## Data below
##########

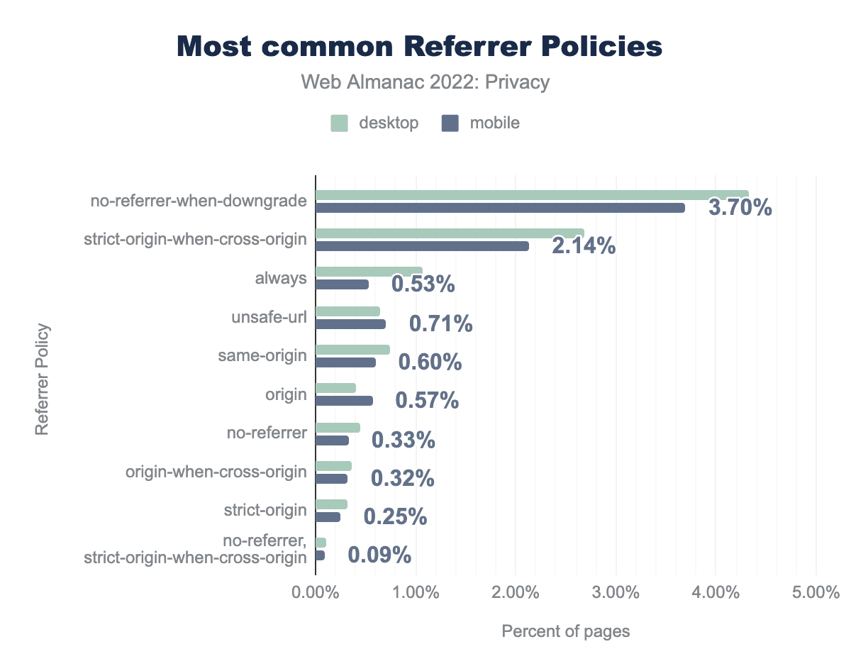 リファラーポリシーの使用状況を見ると、Refererヘッダーをダウングレードリクエストに含めないことが最も一般的です。つまり、HTTPSが有効なページで開始されたHTTPリクエストには含まれません。残念ながら、これはほとんどのシナリオでHTTPSリクエストにおいてユーザーが訪れたページが漏れることを意味します。しかし、デスクトップサイトの2.7%とモバイルサイトの2.1%がstrict-origin-when-cross-originポリシーを用いて、ユーザーが訪れた具体的なウェブページを隠そうとしています。これは現在、ポリシーが指定されていない場合のほとんどのブラウザのデフォルトです。
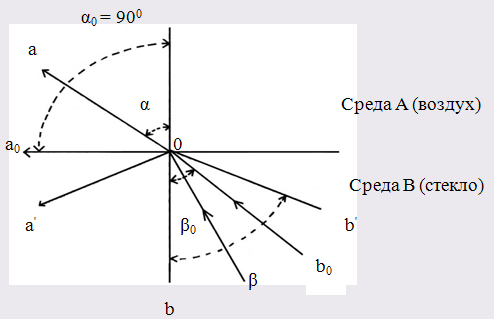 Рис.2. Схема направления распространения лучей при полном внутреннем отраженииb0 Oa0 – распространение луча при предельном угле; b′Oa′ - распространение лучей при полном внутреннем отражении Если луч света распространяется из более плотной среды В в менее плотную среду А (рис.2), то при некотором угле β = β0 угол преломления α достигнет максимального значения α0 = 900 . Далее луч будет распростра-няться вдоль поверхности раздела сред и выражение (2) примет следующий вид:
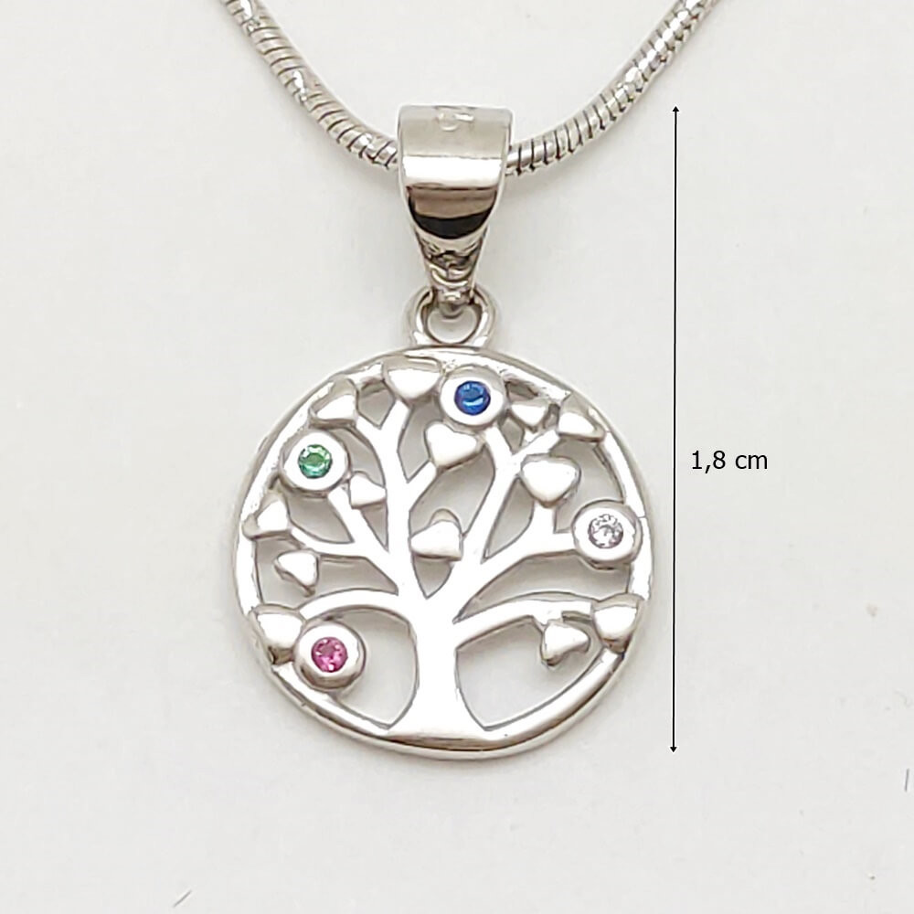 Enchanting silver pendant with tree of life motif and colorful zirconia stones. Made of high-quality 925 Sterling Silver, which is not only durable but also hypoallergenic, making it ideal for those with sensitive skin. The tree of life jewelry creates a connection between life and nature, emphasizing the concepts of interconnectedness and eternal life, thus serving as a powerful reminder of personal growth and progress in life. The silver pendant features finely crafted details that further emphasize the beauty and harmony of nature. (The chain is for illustration only and is not part of the jewelry.)
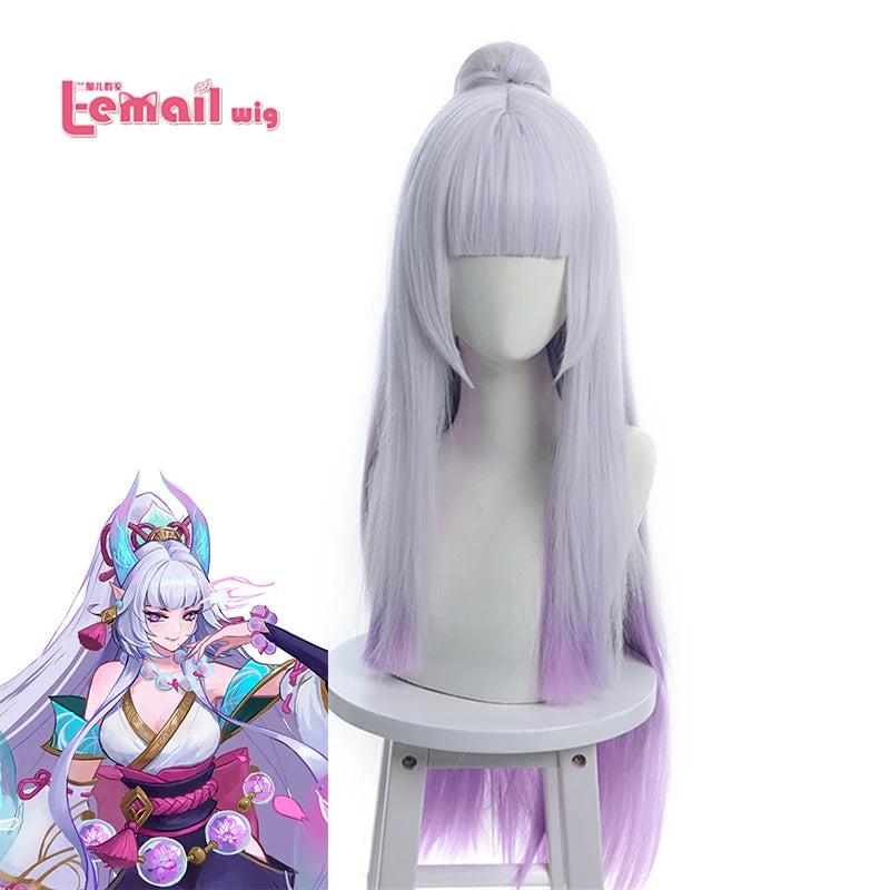 L-email wig Synthetic Hair Spirit Blossom Syndra Cosplay Wigs LoL Cosplay Long Gradient Wig with ponytail Heat Resistant Wig

##########

With images omitted, output the data exactly as given.

 リファラーポリシーの使用状況を見ると、Refererヘッダーをダウングレードリクエストに含めないことが最も一般的です。つまり、HTTPSが有効なページで開始されたHTTPリクエストには含まれません。残念ながら、これはほとんどのシナリオでHTTPSリクエストにおいてユーザーが訪れたページが漏れることを意味します。しかし、デスクトップサイトの2.7%とモバイルサイトの2.1%がstrict-origin-when-cross-originポリシーを用いて、ユーザーが訪れた具体的なウェブページを隠そうとしています。これは現在、ポリシーが指定されていない場合のほとんどのブラウザのデフォルトです。
 Рис.2. Схема направления распространения лучей при полном внутреннем отраженииb0 Oa0 – распространение луча при предельном угле; b′Oa′ - распространение лучей при полном внутреннем отражении Если луч света распространяется из более плотной среды В в менее плотную среду А (рис.2), то при некотором угле β = β0 угол преломления α достигнет максимального значения α0 = 900 . Далее луч будет распростра-няться вдоль поверхности раздела сред и выражение (2) примет следующий вид:
 Enchanting silver pendant with tree of life motif and colorful zirconia stones. Made of high-quality 925 Sterling Silver, which is not only durable but also hypoallergenic, making it ideal for those with sensitive skin. The tree of life jewelry creates a connection between life and nature, emphasizing the concepts of interconnectedness and eternal life, thus serving as a powerful reminder of personal growth and progress in life. The silver pendant features finely crafted details that further emphasize the beauty and harmony of nature. (The chain is for illustration only and is not part of the jewelry.)
 L-email wig Synthetic Hair Spirit Blossom Syndra Cosplay Wigs LoL Cosplay Long Gradient Wig with ponytail Heat Resistant Wig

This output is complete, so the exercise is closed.